= Trace Amounts =

2014 anti-vaccination film by Eric Gladen

Trace Amounts: Autism, Mercury, and the Hidden Truth is a 2014 anti-vaccination biographic film by Eric Gladen, who claims to have experienced mercury poisoning after receiving a tetanus vaccine. In the film, he presents his investigation on the cause of his condition, argues that vaccines should be made without mercury, and claims that mercury and aluminum content of vaccines is linked to autism, a claim that is contrary to the scientific consensus. The film questions a 2011 journal article which described the vaccine-autism connection as "the most damaging medical hoax of the last 100 years".

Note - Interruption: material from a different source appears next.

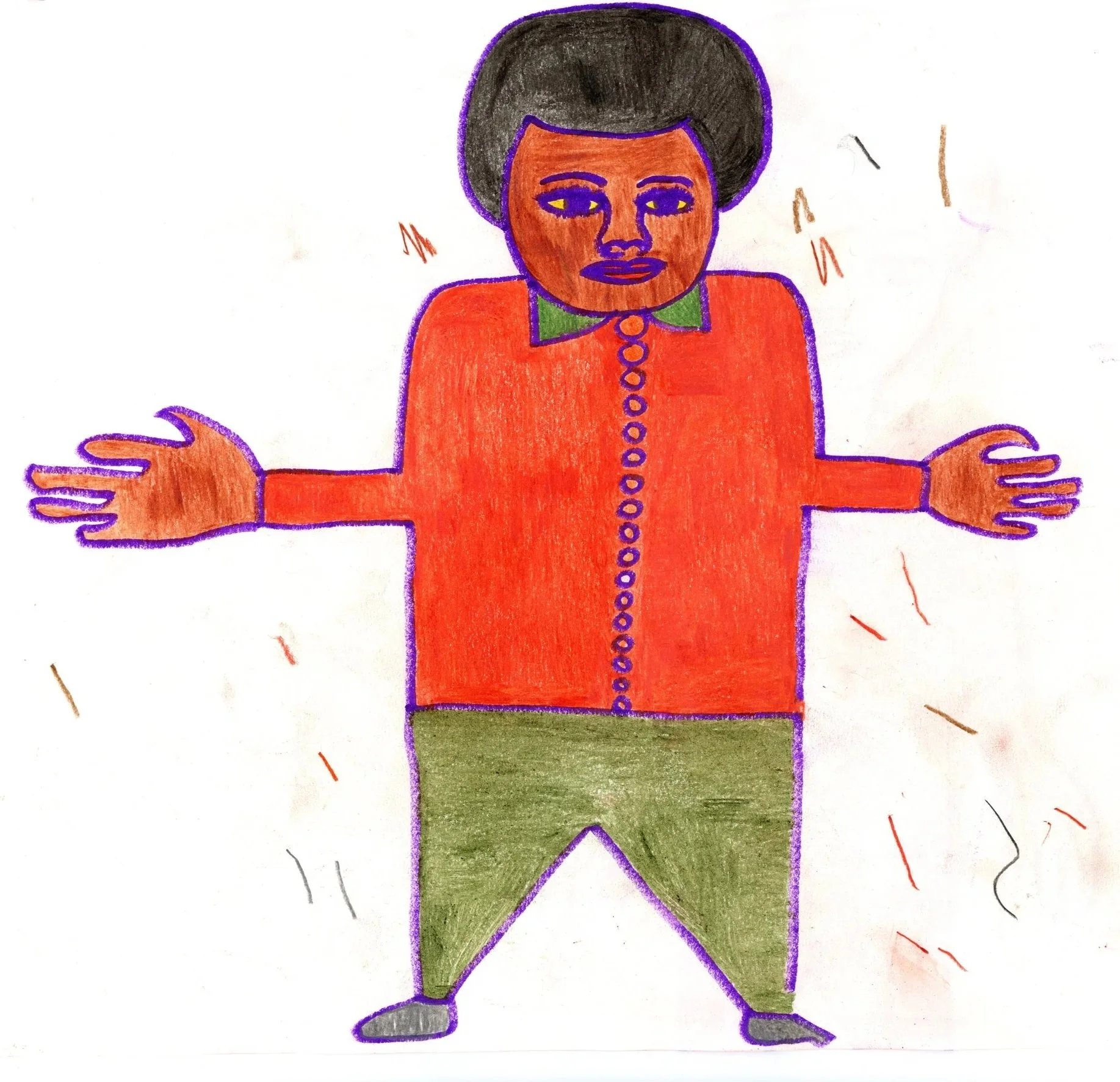 Mike Davis is an illustrator and mixed media artist represented by Fresh Eye Arts, a progressive studio supporting artists with disabilities in the twin cities metro area. Mike’s work focuses on portraits of Black figures, usually depicted standing in a distinct pose, facing forward with open arms. These figures are often repeated, but always unique. Details life outfit design, ear shape, skin color, and hairstyle distinguish each individual even as they’re part of a clearly developed iconography.

The film has been promoted by celebrities including Robert De Niro & Robert F. Kennedy, Jr. It was marketed through targeted "boutique screenings" to celebrities known to be sympathetic to the anti-vaccination cause, including Jim Carrey, Ed Begley, Jr., and Bob Sears, and is credited with inspiring Carrey's "Twitter meltdown" following passage of California Senate Bill 277, which removed personal belief exemptions from vaccination requirements. It has also been used by Robert F. Kennedy Jr. in his lobbying efforts targeting Oregon lawmakers who could influence Oregon Senate Bill 442, which sought to remove personal belief exemptions from vaccination requirements, but was subsequently withdrawn.